Synod Speaker Dr. Anca-Maria Cernea: Don’t Fear Media Attacks

In this ChurchMilitant.com exclusive, Dr. Anca-Maria Cernea, president of the Association of Catholic Doctors of Bucharest in Romania, sits down with Michael Voris to discuss her well-received talk at the 2015 Synod on the Family as well as the heroic example of her parents in Communist Romania.

Michael Voris: So you gave what’s being described as this remarkable presentation. Was it plenary?

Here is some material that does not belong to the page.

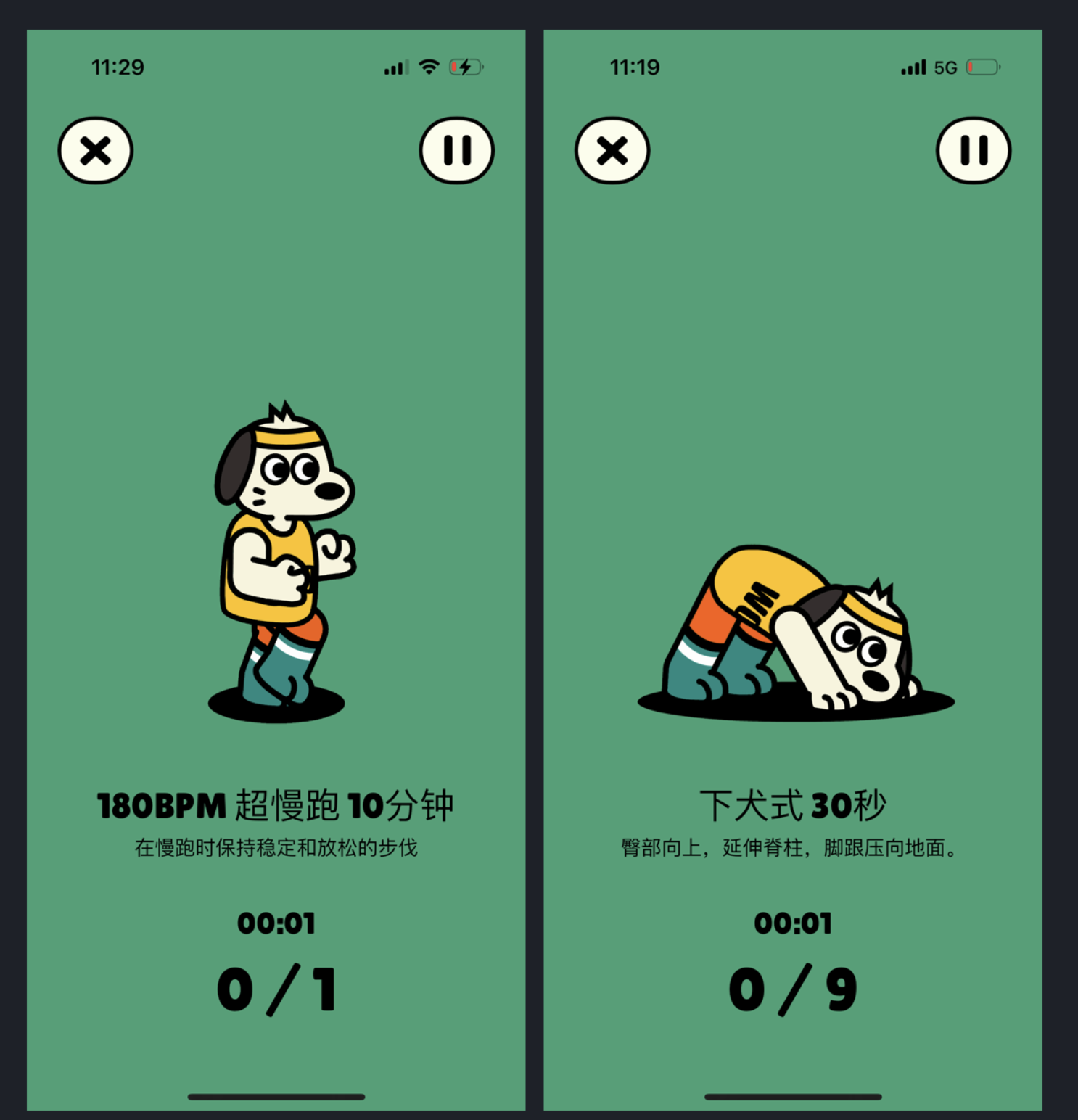 打開 Rumbo,全程有個圓滾滾的卡通角色跟著你:做 “下犬式” 時(shí),它會同步擺出同款姿勢,還會用萌萌的語氣提示 “腳跟再往下壓一點(diǎn)哦”;完成一組動作,它會搖著尾巴給你點(diǎn)贊。這個 IP 形象不是簡單的裝飾 —— 它把 “一個人運(yùn)動” 變成了 “和小伙伴一起打卡”,減少了用戶的孤獨(dú)感;甚至有用戶說 “為了看它夸我,都愿意多練 5 分鐘”。
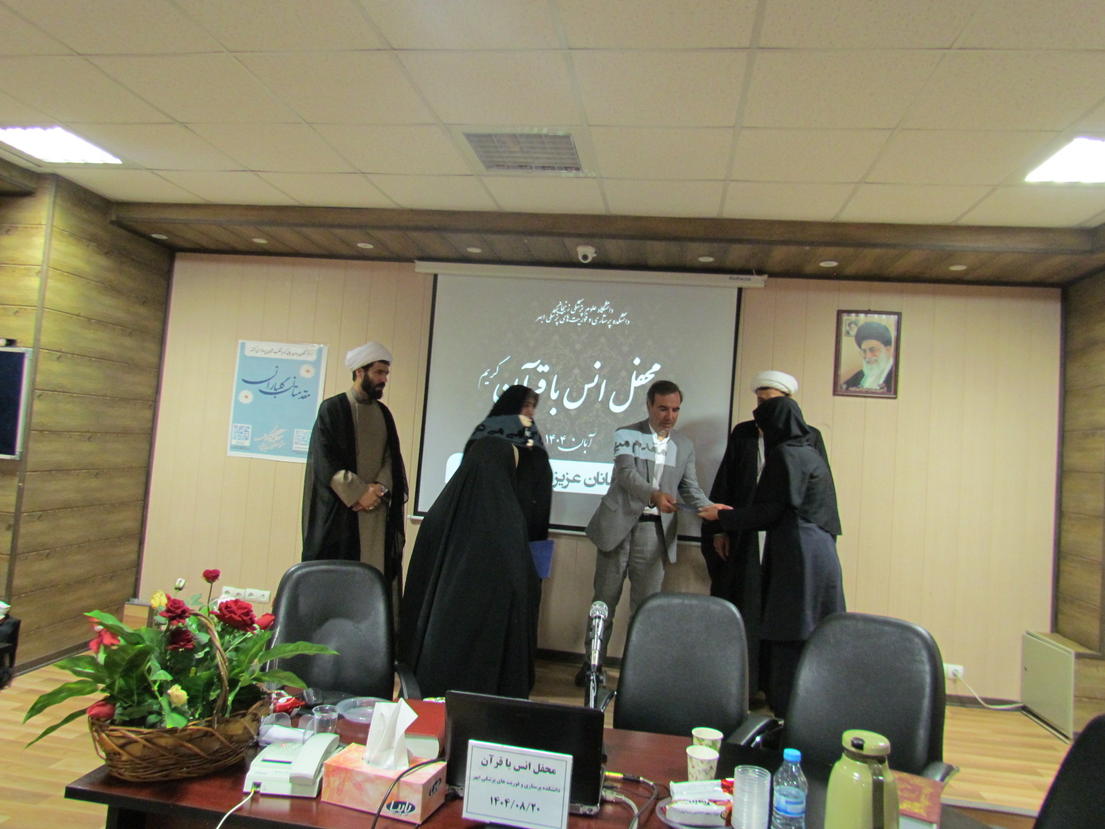 به مناسبت هفته قرآن و عترت در دانشگاه محفل انس با قرآن روز سه‌شنبه مورخ 1404/08/20 در سالن اجتماعات دانشکده پرستاری ابهر با تلاوت قرآن توسط قاری مدعو، سید صادق کاظمی آغاز شد . سپس سیده فریبا شرفی سرپرست دانشکده پرستاری ابهر با خوش‌آمدگویی به مهمانان و حاضرین، از حضور دکتر نقی لو، مسئول نهاد نمایندگی مقام معظم رهبری در دانشگاه و هیئت همراه و دکتر محمدی رئیس بیمارستان الغدیر ، تشکر کرد. حجت‌الاسلام نقی لو در سخنانی معنوی و پربار، بر اهمیت انس با قرآن و نقش آن در هدایت زندگی فردی و اجتماعی تأکید کرد و گفت: «قرآن کریم به عنوان کتاب هدایت و نور، بهترین راهنمای زندگی برای همه اقشار جامعه به ویژه دانشجویان و اساتید است و برگزاری چنین محفل‌هایی موجب ترویج فرهنگ قرآنی و انس بیشتر با آموزه‌های الهی می‌شود.» در ادامه مراسم ، یوسف قنبری رییس اداره قرآن و عترت دانشگاه آیاتی از قرآن مجید را تلاوت نمودند و در پایان مراسم، از فعالان حوزه قرآنی و پرستاران نمونه دانشکده با اهدای لوح سپاس تقدیر به عمل آمد. این محفل با حضور اساتید، کارکنان و دانشجویان ، فضایی معنوی و فرهنگی فراهم آورد که نشان‌دهنده توجه ویژه دانشکده به ترویج آموزه‌های قرآن کریم بود.

Anca-Maria Cernea: Yes, it was in the plenary. It was this three-minute intervention that we are allowed to have, us auditors, in the Synod. And I was surprised. It was received with enthusiasm because — anyway, the part that was extraordinarily neat was of course not my merit, it was the testimony about my parents and about my Church, the 12 great Catholic bishops who opposed the Communist regime and suffered for Christ in the Communist prison.

Michael Voris: Tell us a little bit about why you thought it was important to tell that story to the entire session.

Anca-Maria Cernea: Because it is an example of how you can be faithful in spite of the conditions, in spite of the terror, in spite of the prisons. Because nowadays, many people, unfortunately many shepherds of the Catholic Church don’t have the courage even to face the media in their countries. They are afraid of what? Of being attacked in the media. Our bishops had been tortured. Seven of 12 died in prison. The bishop of Bucharest, the predecessor of Msgr. Mihai who is here in the Synod, was killed in torture. And he was only asked to give up his loyalty towards the Holy See. Nothing else. He wasn’t asked to give up the Church’s teaching about marriage. He was not asked to give up the Church’s teaching about sin. He was just asked to give up his allegiance to the Holy See, and that’s why he died.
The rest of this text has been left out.